§ **AIM OF THE EXERCISE**: The reply must consist of the complete listing, reproduced exactly, with no images included.

§ **SUPPLIED MATERIAL**:
────────────────
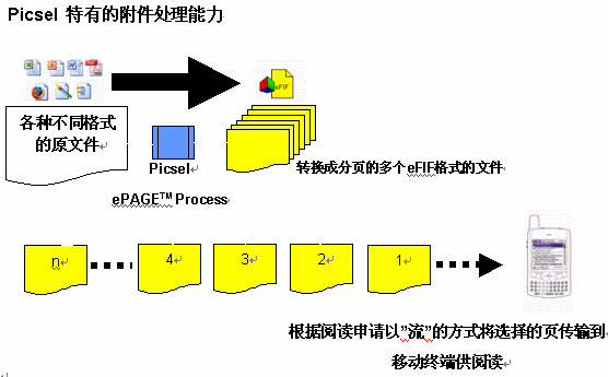 在計(jì)算機(jī)上的電子郵件的各種格式文件附件無(wú)需任何特殊處理、無(wú)需同步和轉(zhuǎn)換可以在移動(dòng)終端上閱讀。并且電子郵件的附件可以被進(jìn)一步壓縮使其通過(guò)網(wǎng)絡(luò)下載更為經(jīng)濟(jì),壓縮后服務(wù)器將文件以"流"傳送,這意味著用戶無(wú)需等待一個(gè)多頁(yè)的文件完全下載完畢后再閱讀,可以選擇任何一頁(yè)下載閱讀。
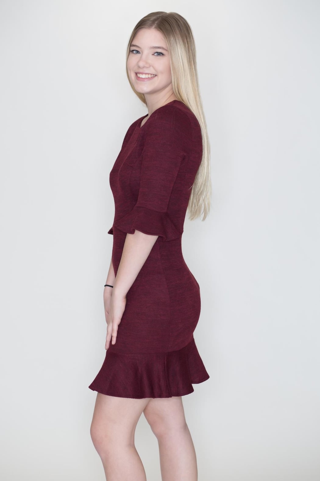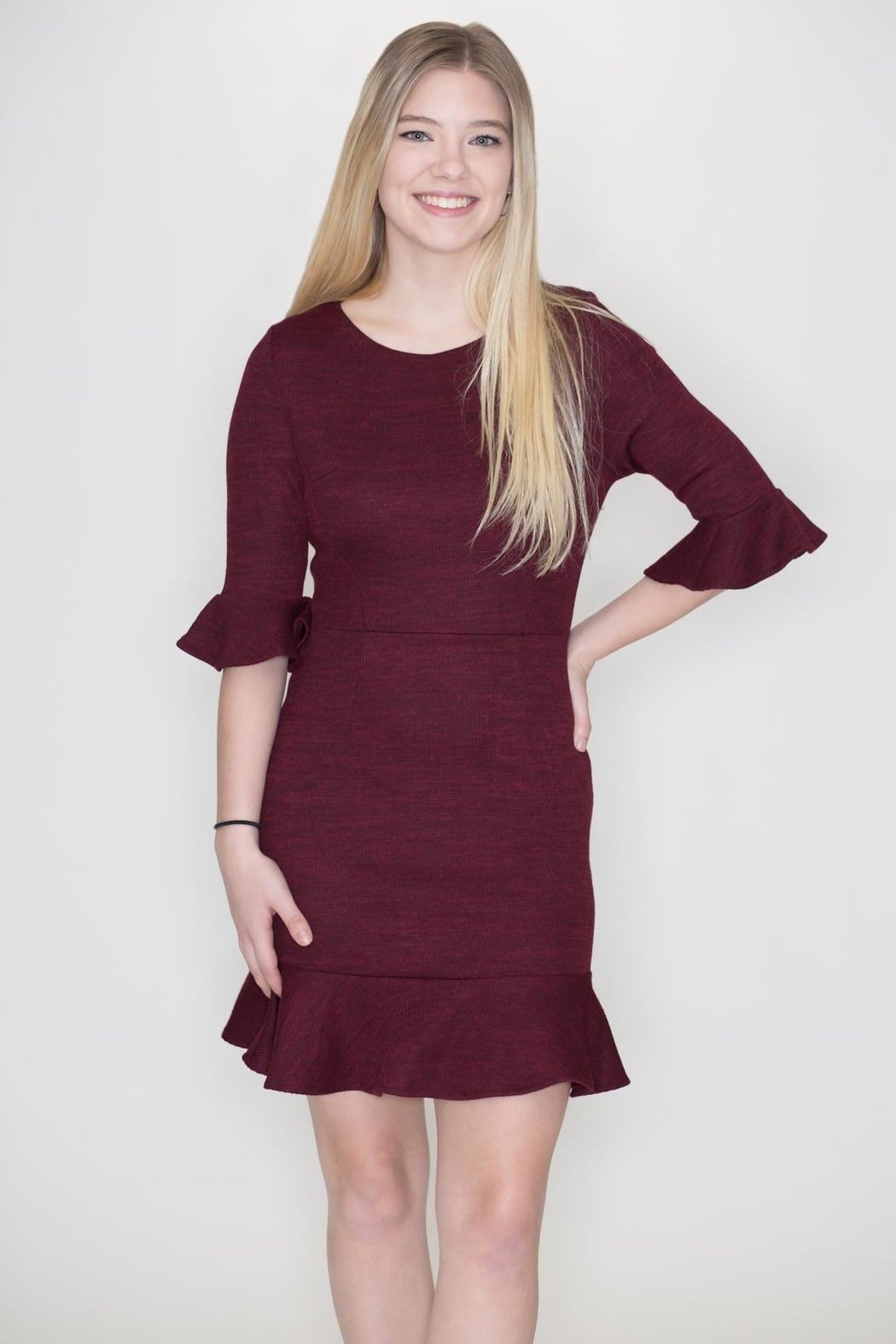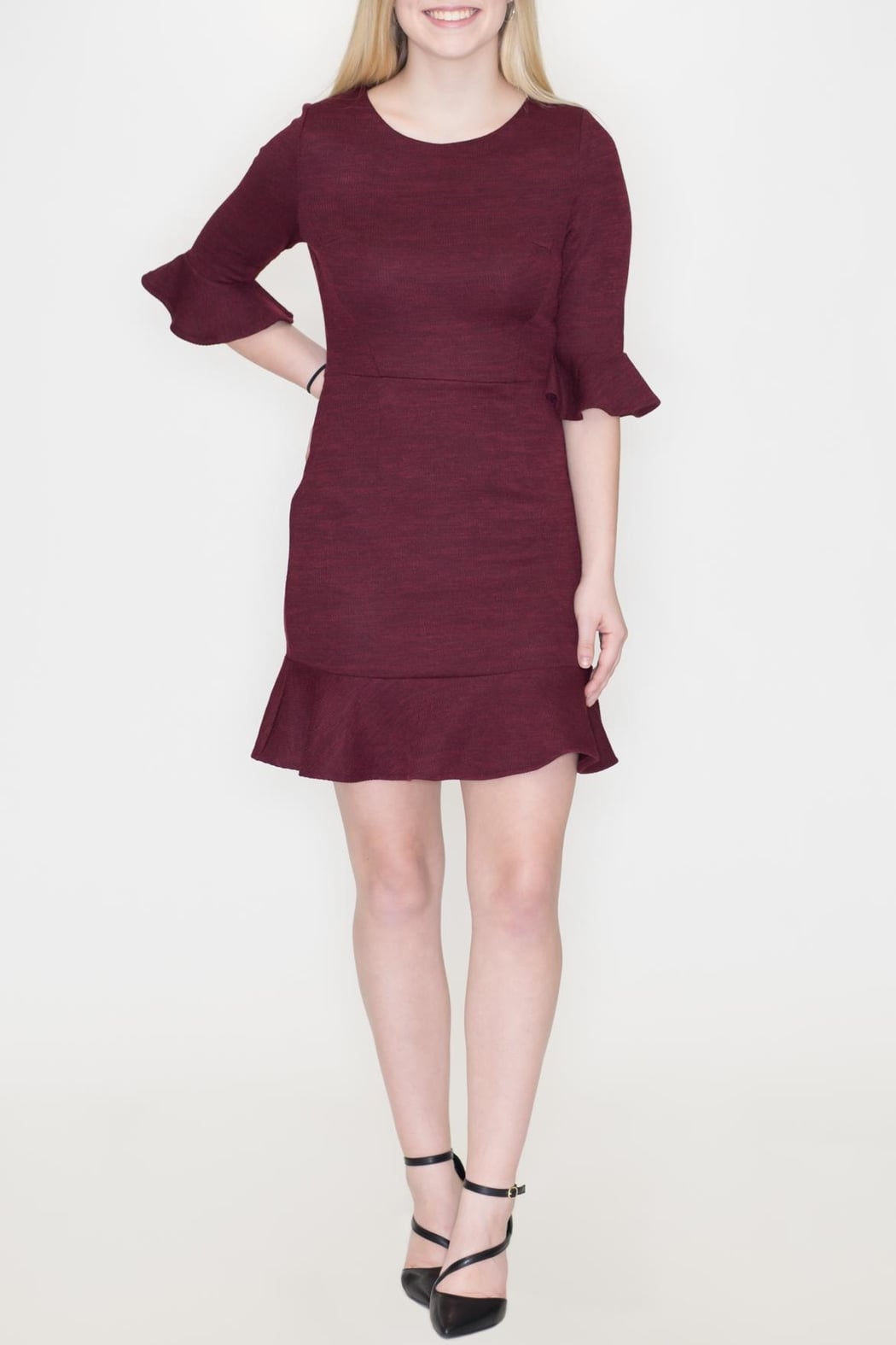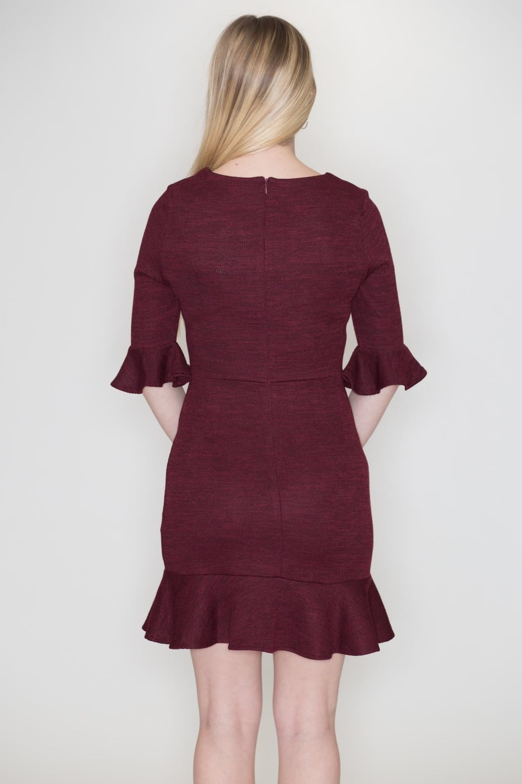 Wine knit dress with ruffle three quarter sleeves and bottom hem accents and back zipper closure.
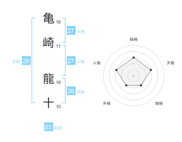 亀崎 龍十さんの総格は53画の3点!
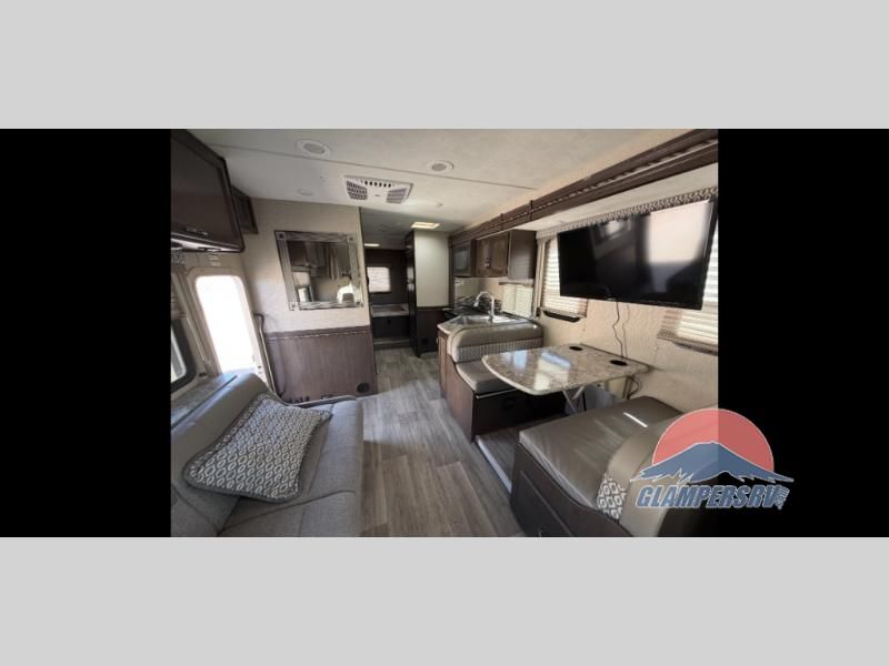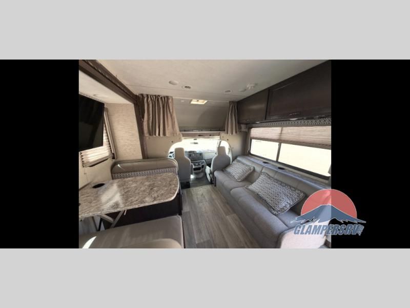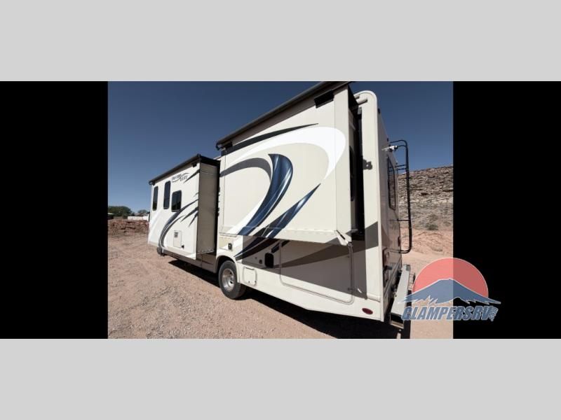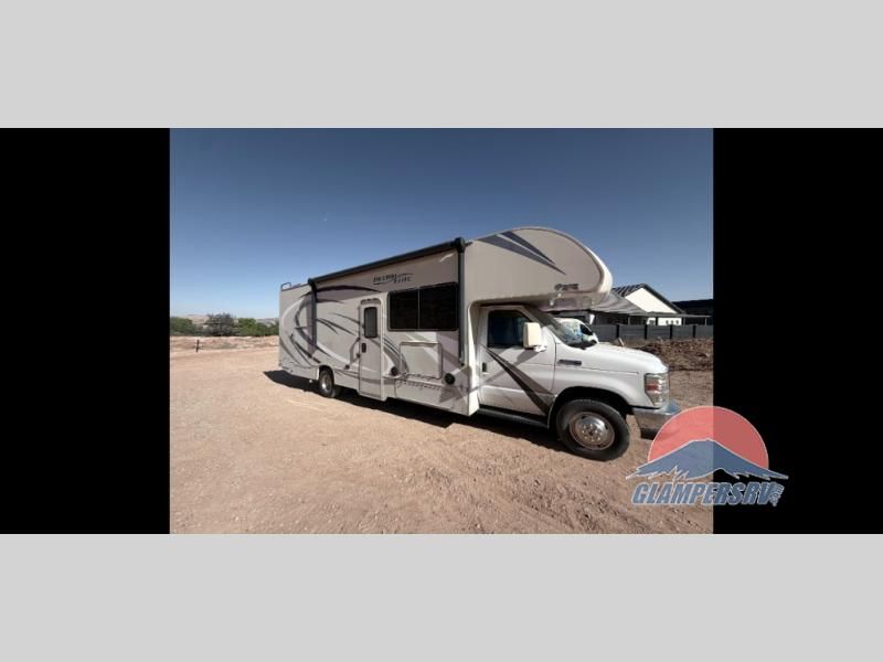When you are ready to vacation in comfort and style, choose this double slide out 29FE class C Freedom Elite motor home by Thor Motor Coach. Throughout this model you will find sleeping space for six, an exterior kitchen, and an exterior TV, plus so much more!
────────────────
§ **RESULT FOR THIS TASK**:
 在計(jì)算機(jī)上的電子郵件的各種格式文件附件無(wú)需任何特殊處理、無(wú)需同步和轉(zhuǎn)換可以在移動(dòng)終端上閱讀。并且電子郵件的附件可以被進(jìn)一步壓縮使其通過(guò)網(wǎng)絡(luò)下載更為經(jīng)濟(jì),壓縮后服務(wù)器將文件以"流"傳送,這意味著用戶無(wú)需等待一個(gè)多頁(yè)的文件完全下載完畢后再閱讀,可以選擇任何一頁(yè)下載閱讀。
 Wine knit dress with ruffle three quarter sleeves and bottom hem accents and back zipper closure.
 亀崎 龍十さんの総格は53画の3点!
When you are ready to vacation in comfort and style, choose this double slide out 29FE class C Freedom Elite motor home by Thor Motor Coach. Throughout this model you will find sleeping space for six, an exterior kitchen, and an exterior TV, plus so much more!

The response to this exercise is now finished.